Isidro y colaboradores (2003) detectaron mediante SSCP y DHPLC, 4 mutaciones nuevas en el gen MLH1 y un nuevo polimorfismo silencioso en el gen MSH2 en familias portuguesas de Lynch (16). De la Fuente y colaboradores (2007) detectaron 87% de mutaciones en el gen APC por SSCP; de las cuales, más del 50% no habían sido descritas. El alto porcentaje de mutaciones nuevas encontradas puede ser por la composición genética de la población chilena, la cual, es una mistura de amerindios y españoles (17).

En la población española, la mutación en el codón 1061 del gen APC es una de las más comunes en las Islas Baleáricas. Aunque este codón sea un hot-spot, el análisis de haplotipo de estas familias es consistente con la presencia del efecto fundador de la deleción de 5pb en el codón 1061 en familias FAP de las Islas Baleáricas españolas (18). La relevancia de estos estudios es tener un mayor conocimiento de la susceptibilidad al cáncer hereditario, y la posibilidad de identificar mediante el diagnóstico molecular a los familiares de alto riesgo (19).

El número de pólipos rectales y las regiones de las mutaciones en el gen APC están siendo utilizados para direccionar el tratamiento quirúrgico en pacientes con FAP familiar. Por lo tanto, la identificación de mutaciones germinativas en los genes APC o MYH puede direccionar la selección del tratamiento quirúrgico (20).

Cromatografia Líquida Desnaturante de Alta Performance (DHPLC)

En sus inicios, esta metodología presentó una efectiva aplicación para la separación de oligonucleotidos, fragmentos de PCR y análisis de productos formados a partir de RT-PCR para determinar los niveles de expresión génica.

Esta técnica está basada en la detección automatizada de segmentos de DNA mediante una cromatografía liquida de alta performance de fase íonica-pareada reversa. El principio de DHPLC se basa en la desnaturación y reanelamiento de amplicones de tipo salvaje y mutado y la comparación entre sus perfiles (21).

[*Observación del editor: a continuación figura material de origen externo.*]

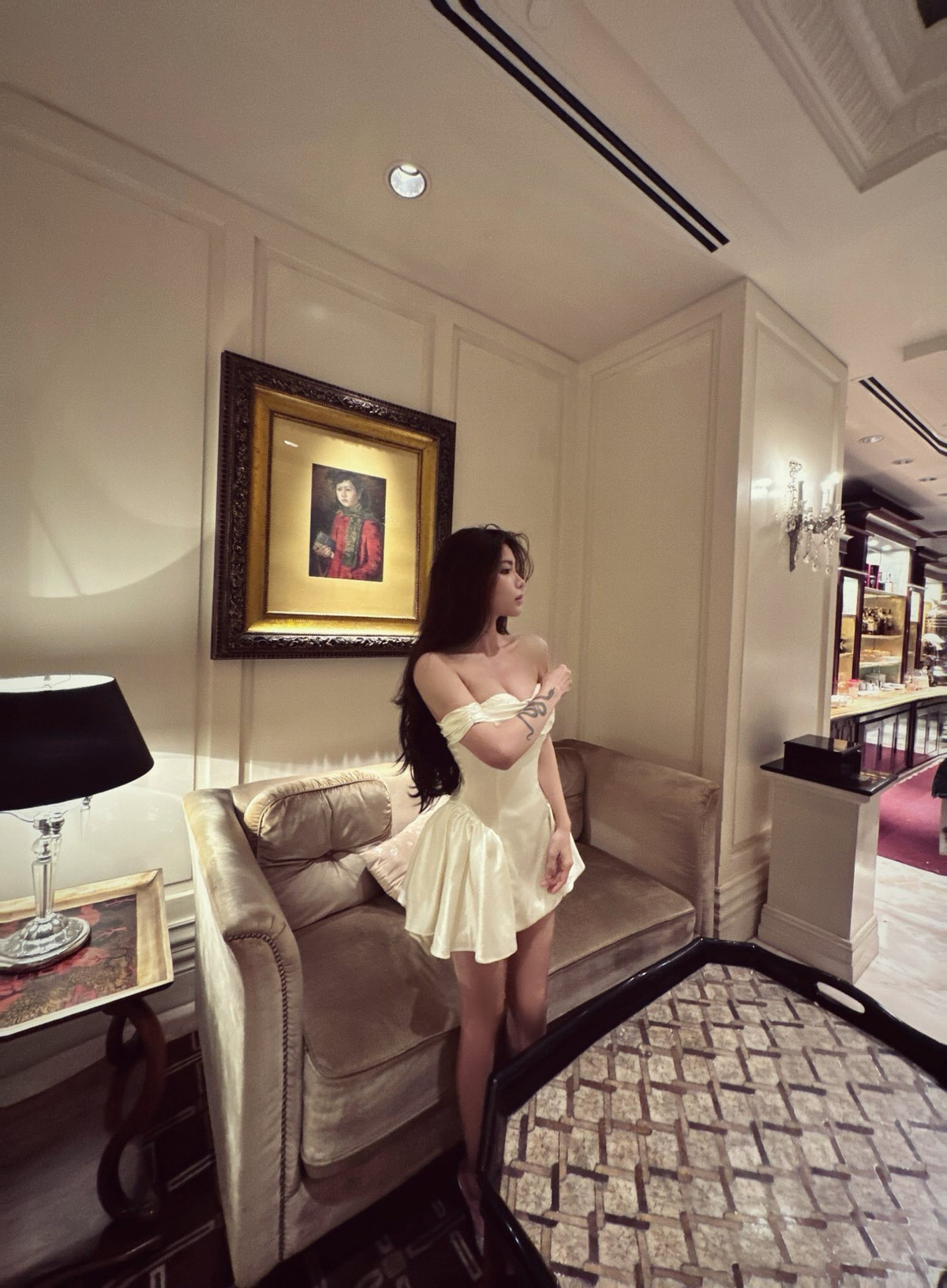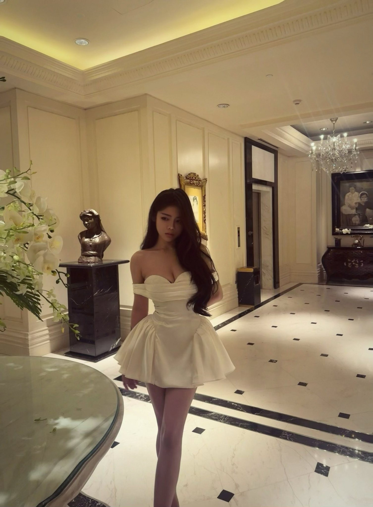 Cô khoác lên mình chiếc mini dress cúp ngực màu trắng kem, với phần thân trên ôm sát, tôn lên vòng một quyến rũ, kết hợp cùng chân váy xòe bồng bềnh tạo nên sự đối lập đầy tinh tế giữa nét gợi cảm và vẻ ngọt ngào, bay bổng. (Ảnh: FBNV)

Para alcanzar resultados más confiables, se sugiere un análisis preliminar de la cualidad de los amplicones a temperaturas no desnaturantes de 50ºC. En estas condiciones, la presencia de mutaciones de pequeñas repeticiones también puede ser detectadas (Figura 3).

 

 

Los productos de PCR no necesitan ser purificados para el análisis por DHPLC. El analizador de DHPLC (Transgenomic Wave) presenta una manipulación automatizada de 96 muestras simultáneamente, lo que disminuye la mano de obra del operador. Aproximadamente, 10ul (50-200ng) de producto de PCR son utilizados para el análisis mediante DHPLC y consecuentemente, el producto remanente de PCR (20-50ul) puede ser usado para purificación, secuenciación u otro procedimiento experimental.

En conclusión, esta metodología parece ser adecuada para el análisis de mutaciones como rutina de laboratorio (22,23).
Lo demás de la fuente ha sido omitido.